I’m not quite so optimistic, but I force myself to be cheerful. “So you’ve said. Repeatedly.”

“I wish you could have seen it in summer, but the country air will do you some good.”

“I think I remember saying something similar about you before I made you take the ferry from hell.”

Chloe just scoffs. “Best and worst time of my life. At least I got Gabe out of the nightmare.”

She ended up marrying her rescuer afterwards. Now the two of them and his little girl live together in Jacksonville. I make a mental note to go visit them the next time I can now that we’re so close.

“You never know, maybe you’ll meet a guy there,” she says.

I roll my eyes at the seat in front of me. “Not a chance.”

I don’t have any plans to date, but maybe I can finally relax, finish school, and make friends again. Find some way to put together the tatters of my old life. It may not be perfect, but it will be mine. And it is time I take my life back. It is time I have any life at all. Eventually I know I will have to face my family and my faults, but before I do that, I know I have to come to terms. Perhaps Nassau is just what I need to lay those demons to rest.

The thought is comforting as the bus pulls into the depot across the street from a gently lapping lake in a pewter blue. Even if I can’t make this paradise my temporary home, I can at least enjoy the brief respite from traveling. What could be better for that than some Florida sunshine? That’s one thing I missed from living in Miami. The constant sun. So much of the past few years had been spent in gray, dreary places.

Sucking the marrow from life was one seed that had been borne from tragedy and grief. I promise myself every day that I will take joy from anything and everything that I can. Life is, as they say, way too short not to enjoy every moment of it.

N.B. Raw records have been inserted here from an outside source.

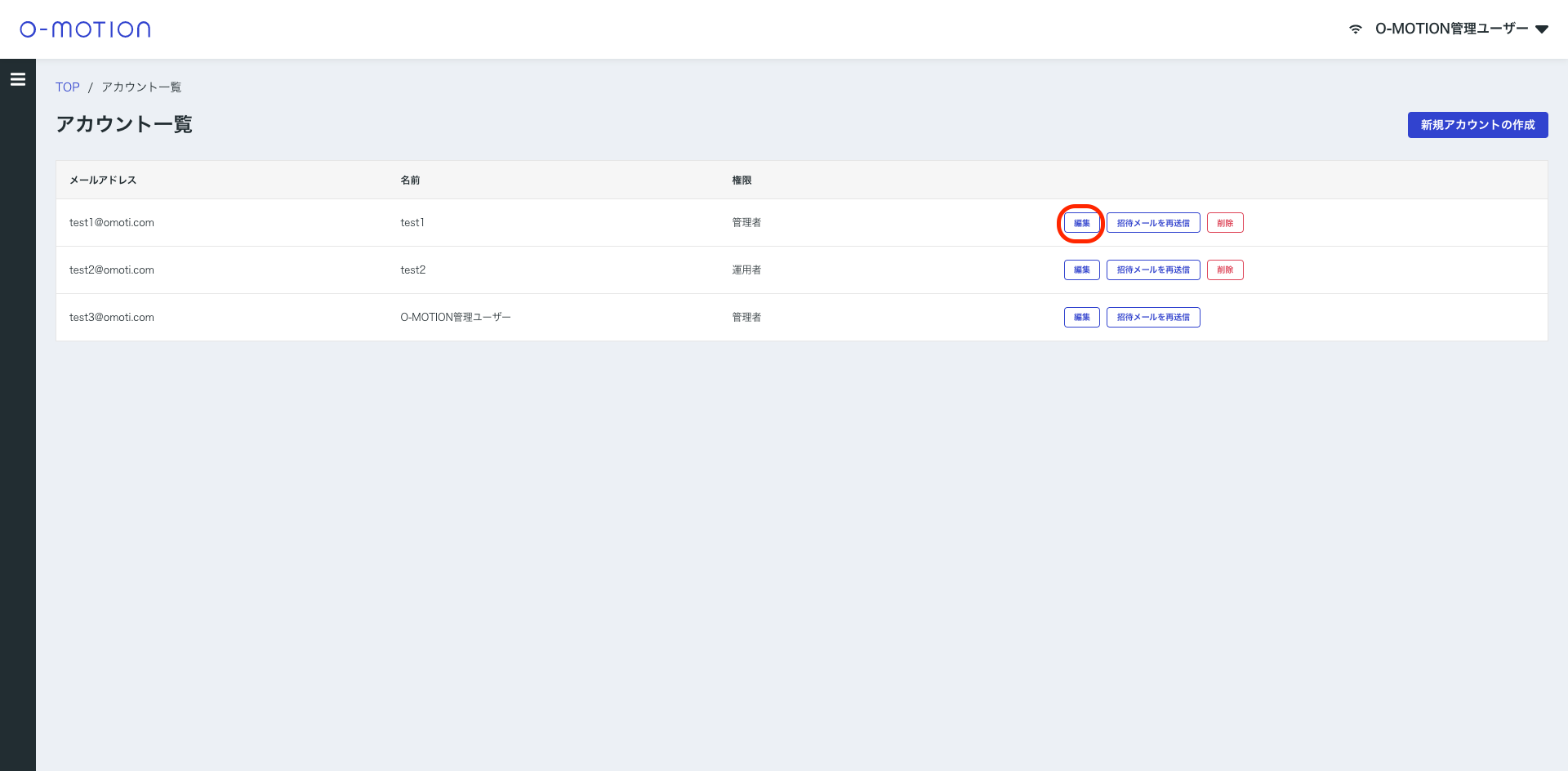 アカウントの編集/削除のためにはまず画面左部のサイドバーより「アカウント一覧」画面へアクセスします。
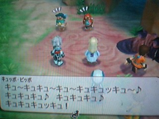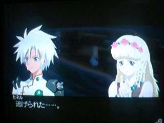 なんかキャラが登場するのが早いなとかぼんやりと思いつつ… この調子のいい女は誰やねん!って感じでした。 水晶の森はちょっと迷いそうになりつつ…方向音痴すまそ!! 道なりに進んでいくとイベントが始まってまた先ほどの女の子が登場 この女…クロエよりも腹が立つんですけど(イライラ) こいつのせいででかいモンスターと強制戦闘になりつつも コンボの称号をもらえたからまぁ許してあげよう… でも!なんかやはし腹が立つんですけど~。 挙句の果てに私の仲間にしてあげる♪♪って貴様は何様のつもりだー!! いや…仲間になるんだろうけど…さ。 いきなりセネセネってのもおいっ!って感じやたけど 他の三人のつっこみはおもしろいのでゆるしてあげよう…うん。 ノーマを仲間にすればシャリーのブローチを拾ってから水晶の森を抜けて道なりに進む。 途中で休憩出来そうな小屋を見つけるも鍵が掛かってて入れずに 何かしらどっかの遺跡に到着してあの空と飛ぶ人とシャーリーを発見して追うんですけど ここでもノーマの空回りっぷりったら…(遠い目) 特にこれといってダンジョンは苦労しないんですけどパズルブースが面倒なくらいかな しかもテイルズシリーズ必須アイテムのソーサラーリングが ここでしかつかえないってどういうことですか!?!?ありえない(涙) あれはテイルズシリーズのダンジョンをクリアするために随時使う必須アイテムですよ! なんかやっぱりいろいろと違うんですね(遠い目) 奥まで行けばやっと敵に追い付いたです しかもなんか意味がわからんがこいつセネルのことを恨んでるっぽい? シャーリーのことは大事に思ってるみたいやけどさ… 楽々とこやつとの戦闘が終わったら崩れてくる柱からシャーリー守ったし あの状態で生きてることには驚きですけどな しかも捨て台詞残してさるあたり…また拉致りに来る気満々!? なんかあっさりとシャーリー取り返せたけどこれでいいんかい? いやいや…どうせすぐに連れ去られるんだろうとはおもってますけどね ステータスにはシャーリーいないけど同行者とか表示されればいいのに… 寧ろ他のテイルズヒロインばりに戦ってくれればいいのにな でだ!モフモフ族のピッポ登場!きゅん♪きゅん♪ こやつ!モフモフ族というよりも萌え萌え族の間違いでないかい?(待て) なんかうちの愛犬の茶々に似てるんですけど!!特に首を傾げた感じ 何処へでも連れて行きやがれこんちきしょー♪♪ でモフモフ族の村の跡地まで連れて行って貰えれば… キュッポが登場してなんかもう…二匹を並べてうちのセネルはある意味ハーレム状態ですねVv この動くぬいぐるみどもがぁぁぁ♪♪(きゅん!きゅん) ダブルで茶々に似てるんだよぅぅぅ(しつこいです) ぎゃぁぁぁ!!もっ…萌え…Vv メインキャラよりも好き!レジェンディアキャラで一番好き! 寧ろお前ら仲間になって戦闘メンバーに加われってぐらい好きです! そんなかわゆくて優しい二匹に連れられて地上を目指すことにvv もぅ!こいつらめっちゃいい奴~!! 秘密の地下室を道なりに進んでいけば道が途中で塞がっててイベント開始 女キャラ達の会話がメインだったりするんですけど… ノーマのKYっぷりがどうも苦手だったりします… シャーリーもなんか微妙なんでとりあえずもうしわけないんですけど 会話はぱぱっと読んでスキップな感じで(酷っ!!) なんでもシャーリーのブローチがなんかの鍵を握ってるっぽいです…はい まぁ…このイベントはそれだけでした。 それでモフニ匹と男共が掘った道を進めば…長々悪魔だっけか? なんか気持ち悪いミミズみたいなモンスターに追われ始めるんですよ!きもっ!! 塞がれた扉に足止め喰らって爪術士四人でやっと開いた入り口と同じ扉だと思うんですけど… シャーリー一人の力であっさりと開く…なんか贔屓目を感じます(おいっ!) まぁ…出たら出たでそのミミズと強制戦闘になるんですけどあっさりと勝てまして… 今回はあんましボス戦に苦労しないな… あたし的にはその後のモフニ匹の勝利のダンスが萌えって感じでした 弟おススメのモフモフ族にあたしはすでにメロメロですよ! これってボタン押さなかったら永遠にきゅきゅ♪って歌ってるんで 飽きずに5分ぐらい弟と眺めてました(あほだ!!!) しかし今回はよく歌うな…(遠い目) 縁結びの貝殻とか貰ってもどないすんねんよ…二匹! でも可愛いから許しちゃうVv(モフモフ馬鹿) 2008.02.28 Thu 19:56:00 オープニング~そんなかんだでプレイを開始致しました! 彼女が噂の妹か…とか思いつつ鈴村さんの声にメロメロしてたらいきなり戦闘開始 ……うん、なんだろうねこのやりにくさ!! 今までテイルズシリーズはほとんどプレイしてきたと思うけどすごくやりにくいです たぶん剣士じゃないから敵との間合いが近いからなのかな? よくわからんけどちょっとイライラするのは確かです…すでにリメDが恋しい(ぽそっ) OPアニメーションとかスクリーンチャットのキャラはテイルズって感じで綺麗なんですけど… フィールドとかまるでWil
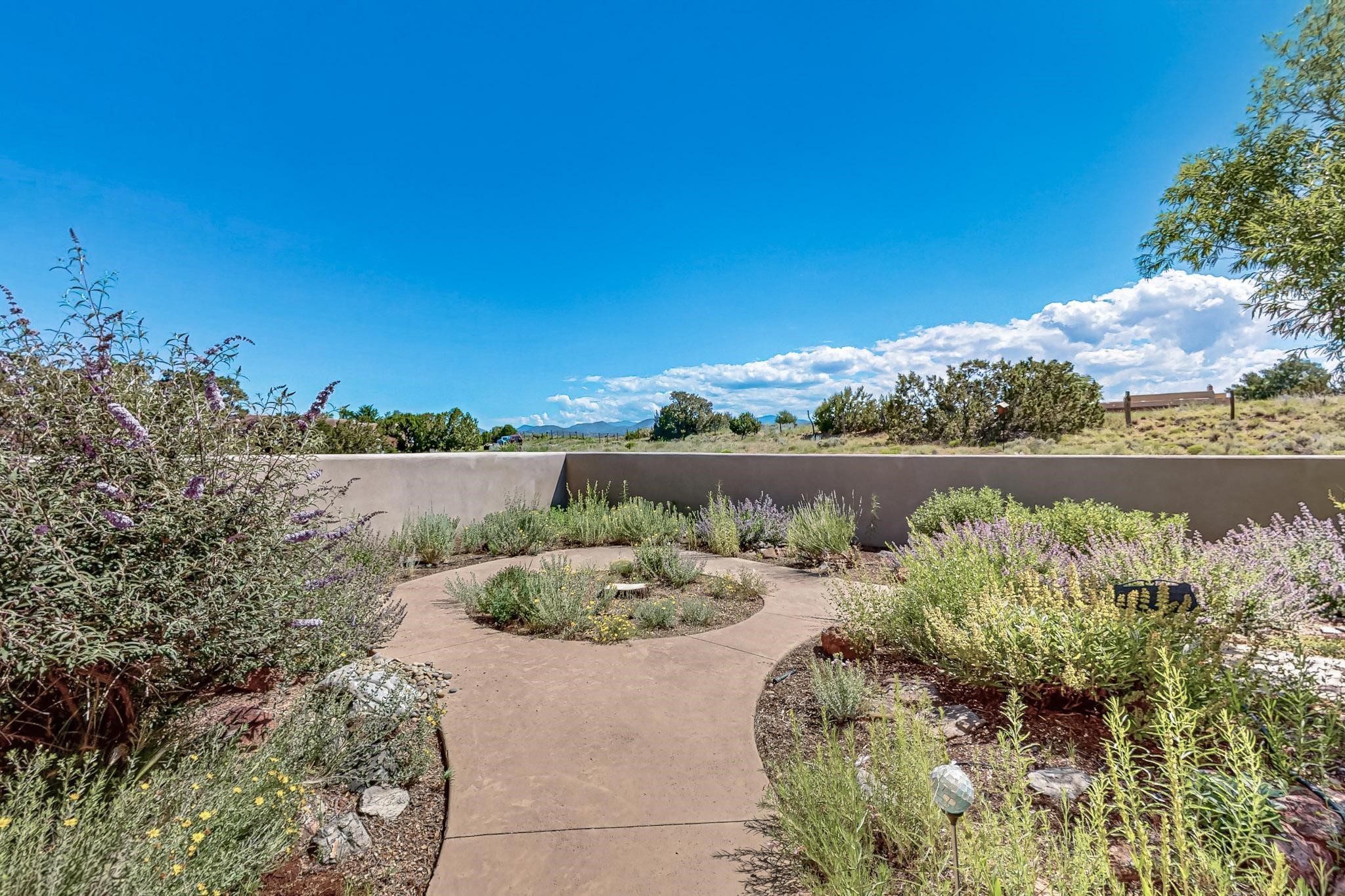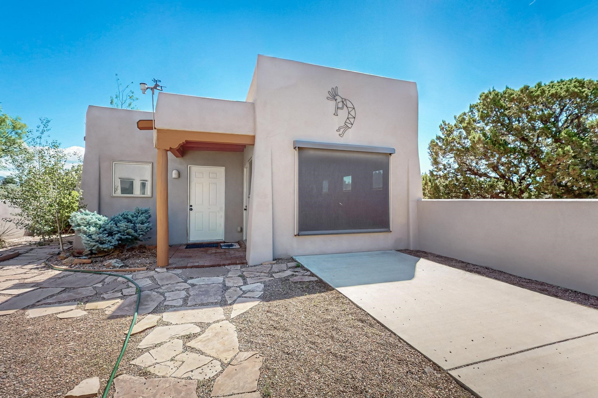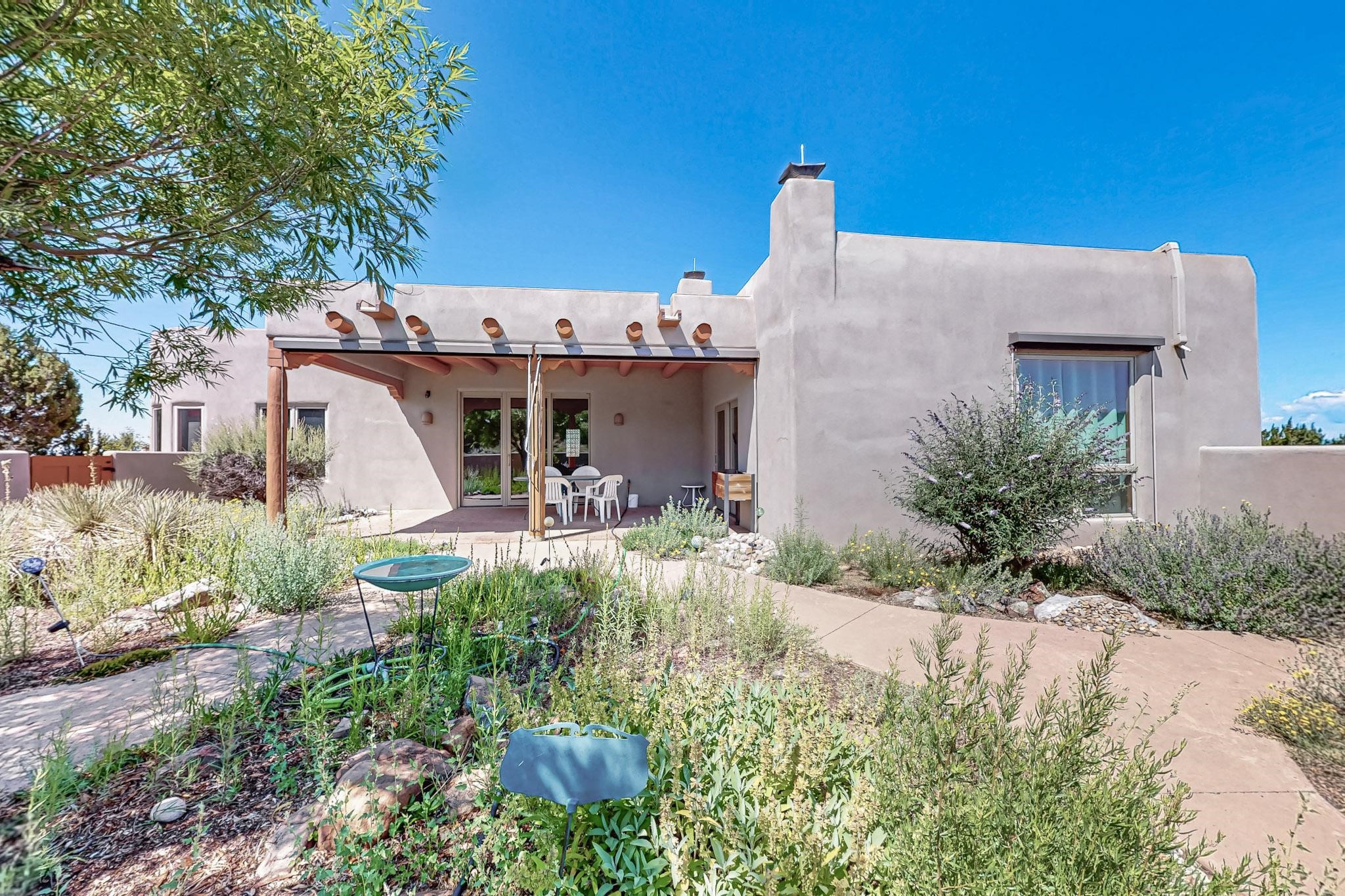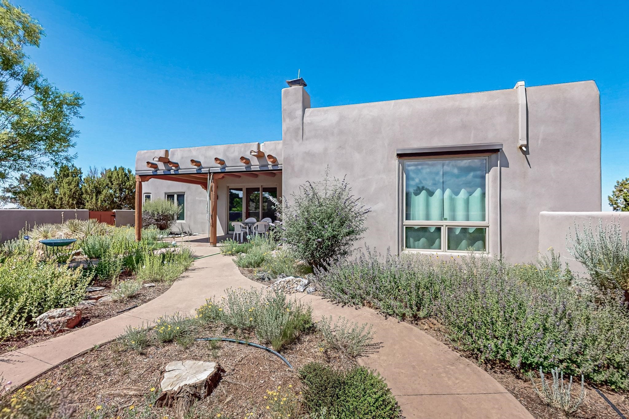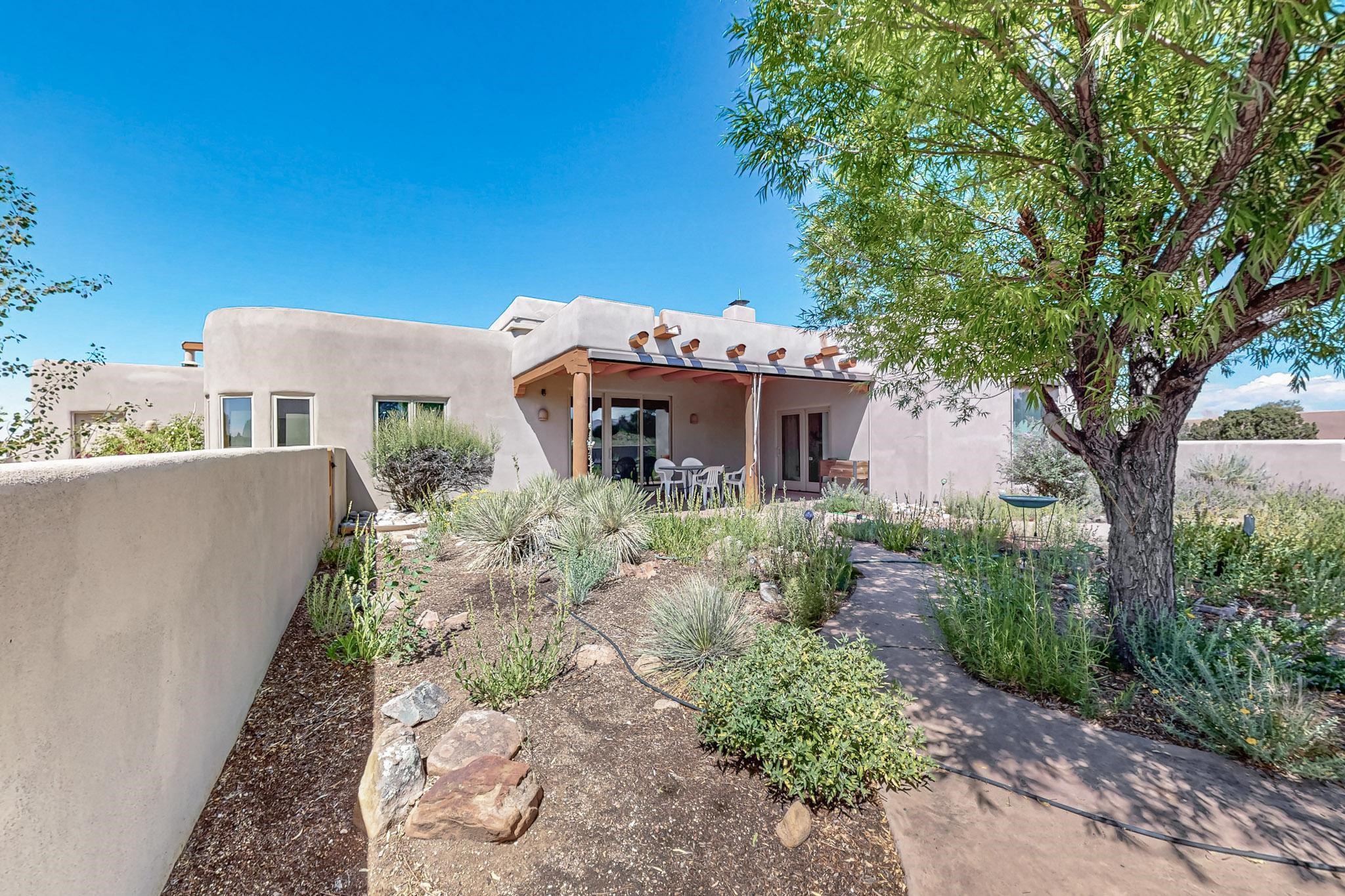 Priced to Sell! Potential multigenerational living. Expansive contemporary pueblo, split bedroom open plan design with high ceilings throughout. The main home includes a formal dining area, spacious great room with kiva fireplace, a large primary suite with kiva fireplace, large walk in closet and spa-like bathroom. Excellent separation from the two guest bedrooms and bath, plus a den/study. The kitchen has been remodeled including an induction range top, custom lighted cabinetry and pantry. The radiant heating is supplemented by 5 mini splits to keep a comfortable temperature summer and winter. There is a large heated storage room/workroom for hobbies and toys plus an oversized 2 car garage. Behind the home sits a detached 478 sq.ft. heated 2 room studio/guest with a 3/4 bathroom for extra guests/office or studio with a separate septic system. A lovely walled garden with a 3rd kiva fireplace for enjoyment plus a large portal for morning or evening outside entertainment. Enjoy the historic railway and rail trail bordering the back of your land. Plenty of guest parking with a paved driveway and easy access to Eldorado amenities, local shopping only minutes into Santa Fe.
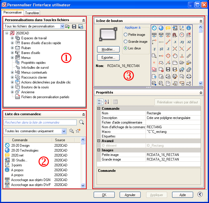 Lorsque vous sélectionnez une commande, vous devriez voir le panneau de droite (3) mis à jour et afficher les propriétés de la commande. Vous pouvez changer l’icône du bouton, le nom de la commande, et la macro qui sera exécutée lorsque vous cliquez sur le bouton. C'est ici que vous définissez les propriétés de commandes, des panneaux, des onglets et d'autres éléments.
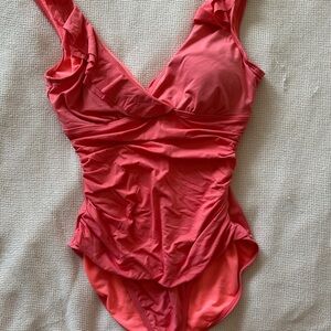 Ralph Lauren Coral Ruched V-Neck One Piece Swimsuit
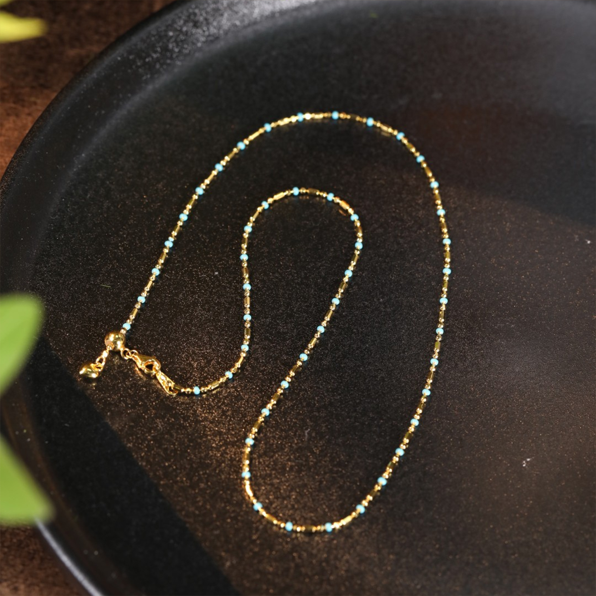 Radiant Magnetism – Turquoise Flashing Silver Metal-Wood Balance Chain Necklace
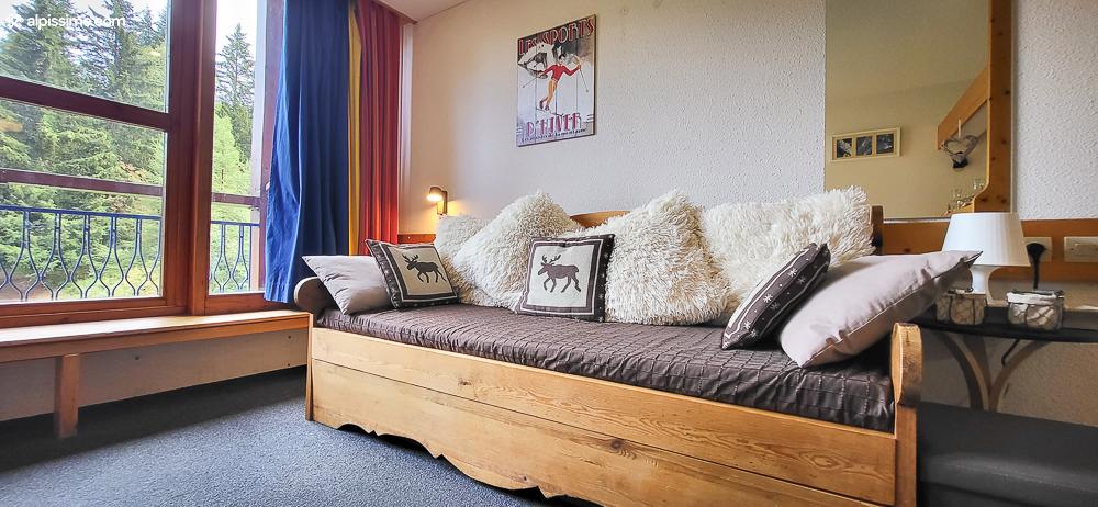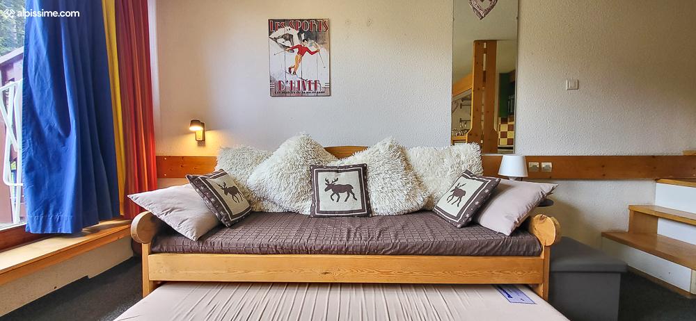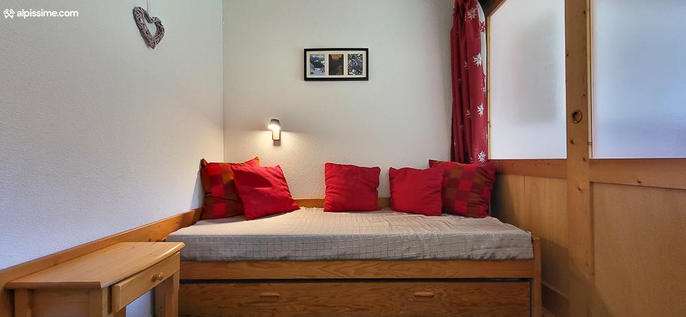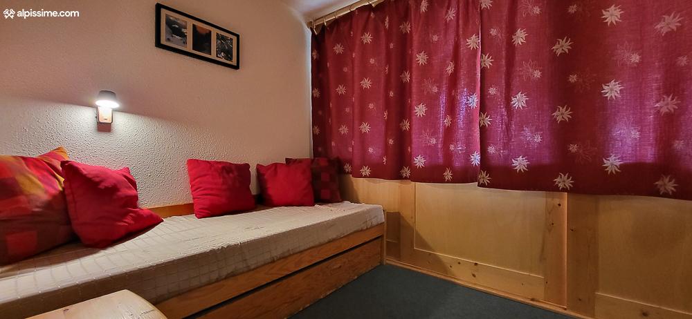 - Une antichambre accueillant un canapé-lit gigogne pour 2 personnes, qui ferme par une cloison amovible et un rideau,
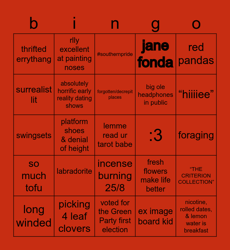 This bingo card has a free space and 24 words: labradorite, picking 4 leaf clovers, forgotten/decrepit places, long winded, red pandas, thrifted errythang, surrealist lit, rlly excellent at painting noses, :3, incense burning 25/8, big ole headphones in public, swingsets, fresh flowers make life better, “THE CRITERION COLLECTION”, absolutely horrific early reality dating shows, ex image board kid, foraging, #southernpride, “hiiiiee”, platform shoes & denial of height, nicotine, rolled dates, & lemon water is breakfast, so much tofu, jane fonda and voted for the Green Party first election.

“I’m getting off the bus now,” I tell Chloe. “I’m going to try and find a place tonight and get settled. I’ll call you as soon as I can and we’ll make a date.”

“I’m going to hold you to that!” Chloe says. “Miss your face.”

“Miss you, too. Thanks again, for recommending me to your friend about the job and everything. If I haven’t already said it enough.”

“No need to keep saying it. That’s what friends are for. Don’t forget to call me!”

“I will. I’ll talk to you soon.”

“Later,” she says.

I tuck my phone into my pocket and grab my bags down from the empty seat next to me—two well-worn duffels I'd gotten from a second hand store. They held the outfits I'd grabbed in a hurry. Four pairs of jeans, two pairs of shorts, one pair of capris. Three T-shirts, two tank tops, two long sleeves. None too dressy, nothing like I used to wear. All serviceable and in semi-good repair.

The verdant air wafts through the bus the moment the doors open. I have to steel myself against the scent of pine as it throws me back into the memories of that night. After a few breaths, I manage to calm myself and try to enjoy the warm air. It lifts my long blonde hair and whips it around my face and shoulders. I’d grown it out in the years since I left Miami, allowing my shoulder-length hair to grow down past my waist. Not to mention I wore it like a shield. I’ll never forget the feeling of his voice as it curled around my neck, the scruff of his beard on my bare nape. The mere thought of it makes me shiver and glance around the occupants who dawdle as they disembark, oblivious to my sudden bout of paranoia.